Review: Neuharth's clear and revealing analysis of destructive parents all but shatters the Momma 'n Daddy God Complex that haunts and tramatizes adults. He gives explict case histories as examples and follows up with logical explainations and various problem solving techniques with almost no irritating psychobabblish jargon.

Furthermore, Neuharth treats his readers like adults, which is refreshing for those whose parents refuse to do so. His explanations of irrational parental behavior can validate the adult child's confusions of not only whether abuse did happen (and he's right: the abusive parent will almost always deny it), but why it happened.

By exploring controlling parents' fears, we may understand why so much undeserved abuse -- not that any abuse is deserved -- can be dished out by people whom we expect to nourish, love, and comfort us. This understanding, however, does not necessarily lead to the myth of categorical forgiveness. Neuharth does not assert or even suggest that abused children forgive their abuser(s). Instead he offers realities, such as "For some, forgiveness is unwise and impossible," and "Premature forgiveness can reinjure you."

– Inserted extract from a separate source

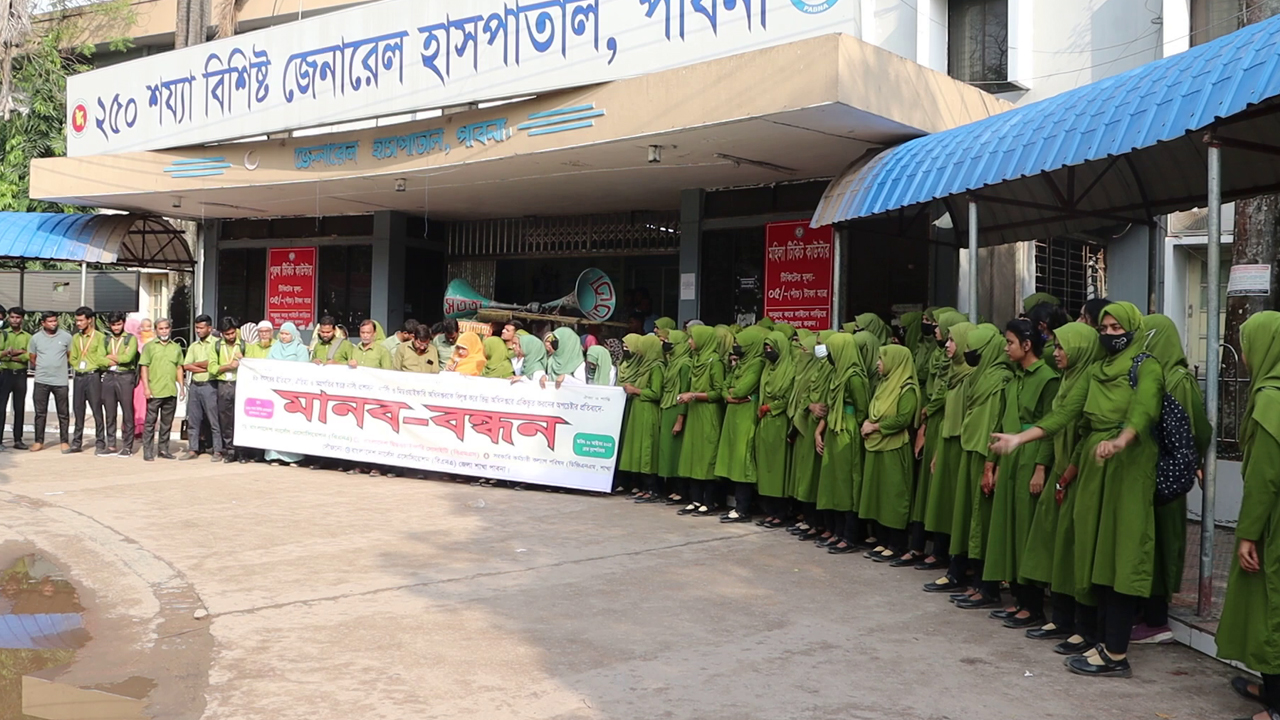 পাবনায় শিক্ষার্থী, নার্স-কর্মকর্তাদের মানববন্ধন
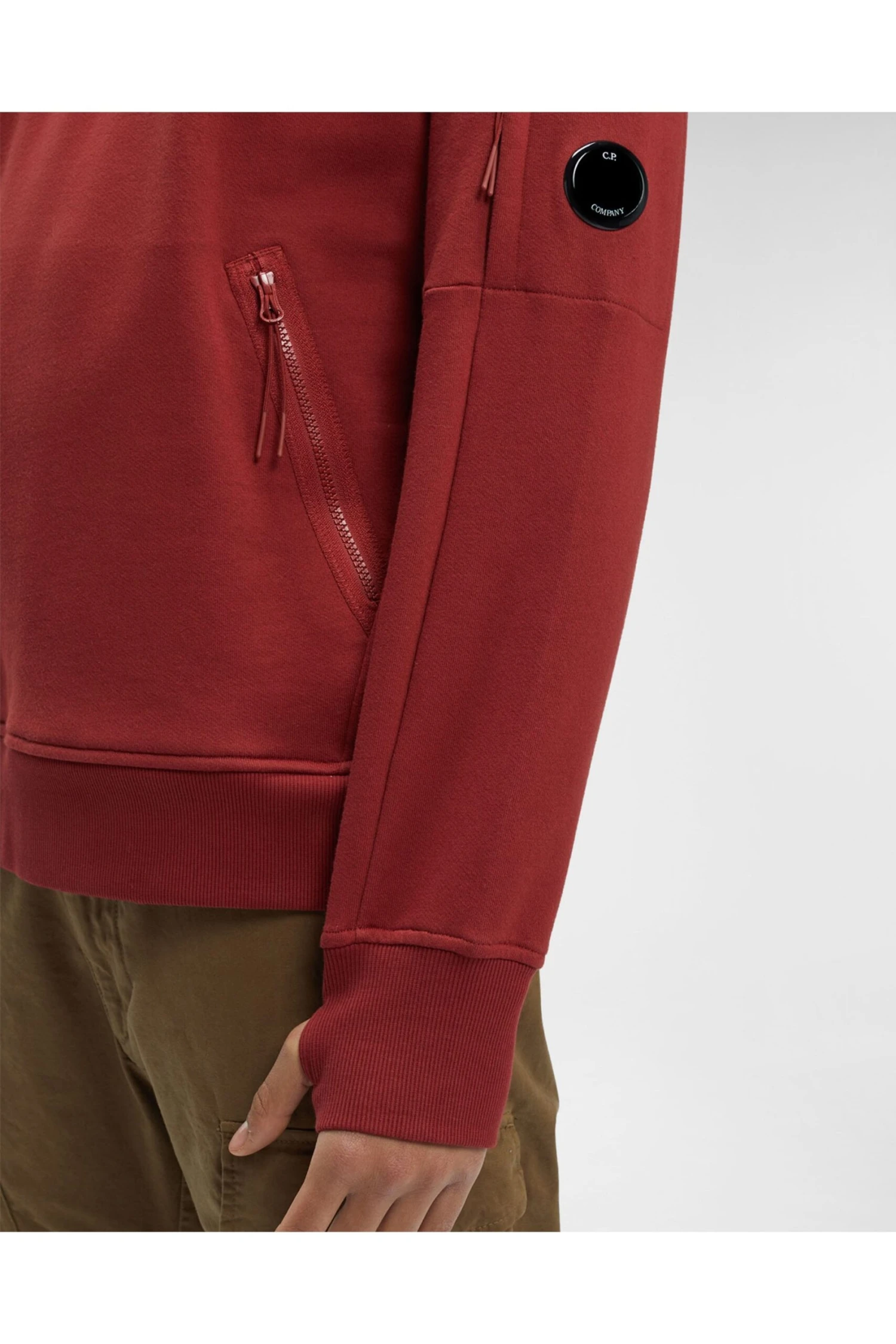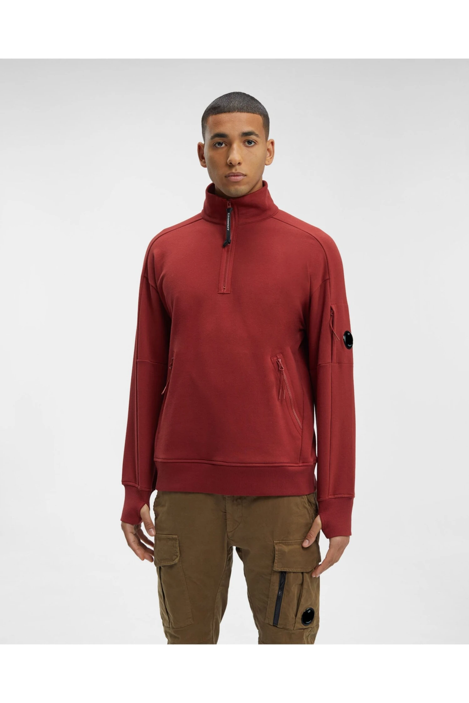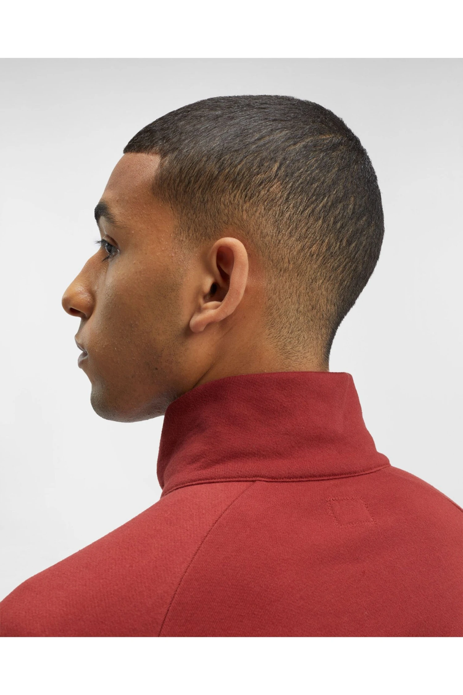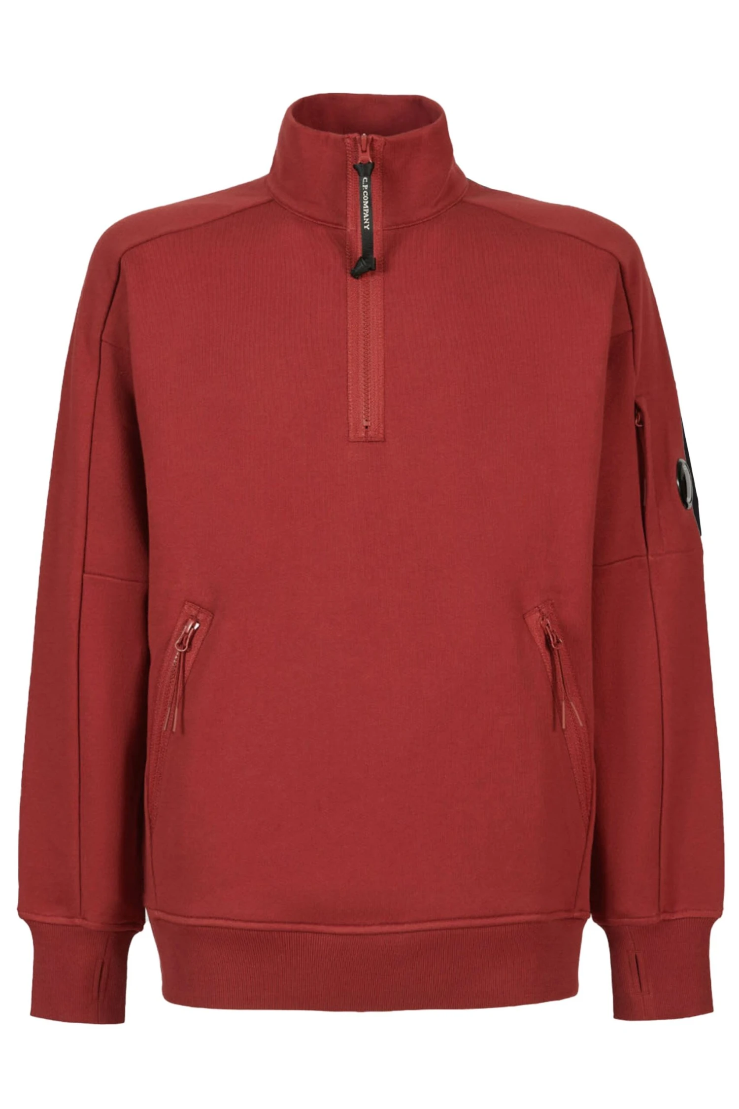 C.P. Company jersey-fleece jumper in red featuring a a half front zip fastening, stand-up collar, long sleeves and sleeve zip pocket with the signature lens

He also suggests that adult children set up physical and emotional boundaries and possibly confront abusive parents in an effort to gain self-knowledge and self-esteem. These adult children should recognize, nonetheless, that their parents may not necessarily cooperate.

If You Had Controlling Parents rates on the top with Susan Forward's Toxic Parents for a much needed reality break for those who continue to behave like wheedling, cringing children from 21 to 70 or more in the presence of irrational, self-centered parents.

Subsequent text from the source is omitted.